Source material:
────

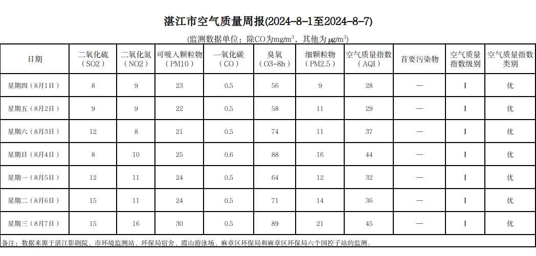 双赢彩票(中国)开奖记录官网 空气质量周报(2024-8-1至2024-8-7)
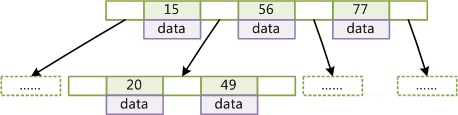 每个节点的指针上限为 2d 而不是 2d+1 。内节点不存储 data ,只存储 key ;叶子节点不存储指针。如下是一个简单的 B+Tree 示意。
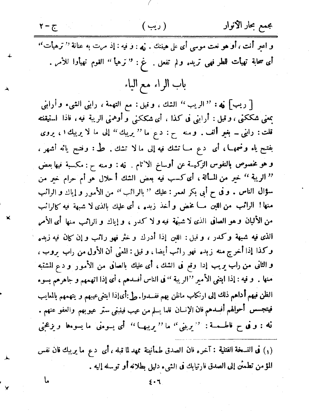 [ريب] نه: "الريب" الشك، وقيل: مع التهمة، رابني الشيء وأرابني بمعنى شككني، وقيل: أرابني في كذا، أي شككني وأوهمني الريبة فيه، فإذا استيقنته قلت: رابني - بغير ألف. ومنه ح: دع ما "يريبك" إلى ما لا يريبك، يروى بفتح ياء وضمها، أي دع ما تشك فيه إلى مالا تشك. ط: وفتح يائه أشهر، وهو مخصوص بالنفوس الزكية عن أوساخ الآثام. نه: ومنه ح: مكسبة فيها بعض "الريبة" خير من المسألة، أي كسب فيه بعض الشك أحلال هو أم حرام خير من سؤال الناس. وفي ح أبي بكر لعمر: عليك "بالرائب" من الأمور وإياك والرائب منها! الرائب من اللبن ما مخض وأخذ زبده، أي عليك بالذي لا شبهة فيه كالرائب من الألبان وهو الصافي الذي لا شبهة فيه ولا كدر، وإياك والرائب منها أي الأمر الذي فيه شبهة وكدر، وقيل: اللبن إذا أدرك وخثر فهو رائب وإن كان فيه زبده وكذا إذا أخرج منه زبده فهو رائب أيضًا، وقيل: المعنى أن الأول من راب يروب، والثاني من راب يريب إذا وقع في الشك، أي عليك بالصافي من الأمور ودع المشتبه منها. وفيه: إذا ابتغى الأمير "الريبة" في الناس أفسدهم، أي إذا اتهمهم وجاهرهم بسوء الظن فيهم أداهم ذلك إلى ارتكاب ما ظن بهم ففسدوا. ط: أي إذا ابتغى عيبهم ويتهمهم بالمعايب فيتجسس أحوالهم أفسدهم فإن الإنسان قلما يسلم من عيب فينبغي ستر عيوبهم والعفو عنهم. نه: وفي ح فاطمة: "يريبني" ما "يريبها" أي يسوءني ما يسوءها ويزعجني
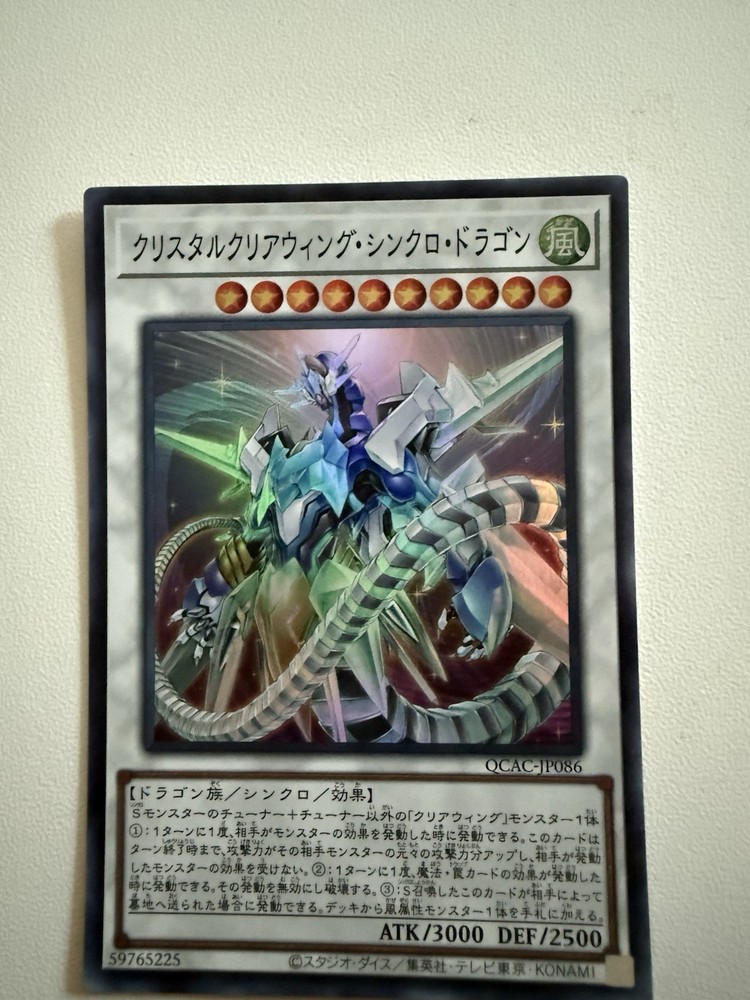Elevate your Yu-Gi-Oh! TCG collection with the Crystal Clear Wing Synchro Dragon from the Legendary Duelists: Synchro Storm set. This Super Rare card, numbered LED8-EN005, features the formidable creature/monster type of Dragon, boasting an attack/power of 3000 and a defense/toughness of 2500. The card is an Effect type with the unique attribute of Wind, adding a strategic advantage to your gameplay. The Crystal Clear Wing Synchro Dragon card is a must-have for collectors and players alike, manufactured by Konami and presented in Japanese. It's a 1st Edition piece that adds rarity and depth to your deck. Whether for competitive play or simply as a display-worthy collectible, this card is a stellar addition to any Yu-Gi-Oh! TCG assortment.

────

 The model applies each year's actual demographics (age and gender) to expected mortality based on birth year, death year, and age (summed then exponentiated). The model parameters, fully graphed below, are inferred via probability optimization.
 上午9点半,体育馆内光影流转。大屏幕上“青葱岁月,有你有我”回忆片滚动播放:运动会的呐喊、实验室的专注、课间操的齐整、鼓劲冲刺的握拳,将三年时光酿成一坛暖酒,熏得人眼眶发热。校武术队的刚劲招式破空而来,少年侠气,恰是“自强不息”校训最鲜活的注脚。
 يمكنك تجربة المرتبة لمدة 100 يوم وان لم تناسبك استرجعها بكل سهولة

────

Everything above from the line with "双赢彩票(中国)开奖记录官网" through the line with "每个节点的指针上限为 2d 而不是" should be retyped exactly, and nothing else; omit pictures.

 双赢彩票(中国)开奖记录官网 空气质量周报(2024-8-1至2024-8-7)
 每个节点的指针上限为 2d 而不是 2d+1 。内节点不存储 data ,只存储 key ;叶子节点不存储指针。如下是一个简单的 B+Tree 示意。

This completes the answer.